Farrokhzad’s influence finds parallels not only in the works of Kiarostami but also among his greatest contemporaries, including Mohsen Makhmalbaf, who has directed more than two dozen films, some of which are still prohibited in Iran because of their commentary on the Iranian state and people. Makhmalbaf’s films have a deeper philosophical touch while preserving the spirit of realism, and he is often equated to Kiarostami. His cinematic style involves as little “plot” as possible and depicts ordinary, everyday happenings.
A Moment of Innocence (1996) is an excellent example of Makhmalbaf’s self-defining term, “poetic realism”. But the filmmaker is best known for Gabbeh (1996), an exquisite fable of a woman’s duty and desire in a nomadic tribe. His 2001 film Kandahar was included in a list by Time magazine of the 100 best films ever made. His other works include Boycott (1985), The Cyclist (1987) and The Peddler (1989).
The cinematography of Makhmalbaf is deeply related to the history and culture of Iran, and his initial work shows a clear-cut separation of humans into the good and the bad: the good ones were the revolutionaries; in the second period, the poor. His later works reflect his more nuanced take on people, culture and politics, while maintaining the distinct humanistic and poetic style of Iranian contemporaries the likes of Jafar Panahi and Majid Majidi.
Much before Farhadi, it was perhaps Majidi that may have landed Iran its first Oscar when his 1997 masterpiece Children Of Heaven was nominated for an Academy Award. It lost to Roberto Benigni’s Life Is Beautiful, but Majidi’s work was likened to Vittorio de Sica’s 1948 masterwork Bicycle Thieves.
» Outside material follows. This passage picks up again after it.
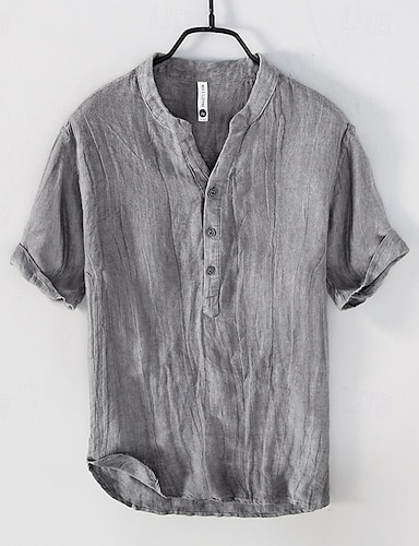 Men's Linen Shirt Summer Shirt Beach Wear Casual Shirt Band Collar Shirt Solid Color Casual Daily Black White Light Green Blue Short Sleeve Henley Summer Spring Clothing Apparel Button-Down

Majidi, one of Iran’s most well-known contemporary directors, uses religion to find meaning in a society transformed by conflict, modernity, economic inequality and nationalism. His characters, who are often marginalised children, do not overcome or yield to misfortune. Rather, they strive, thrive and therefore reflect a perpetual state of human suffering. His amazing works include The Color of Paradise (1997), Baran (2001) and The Song of Sparrows (2008).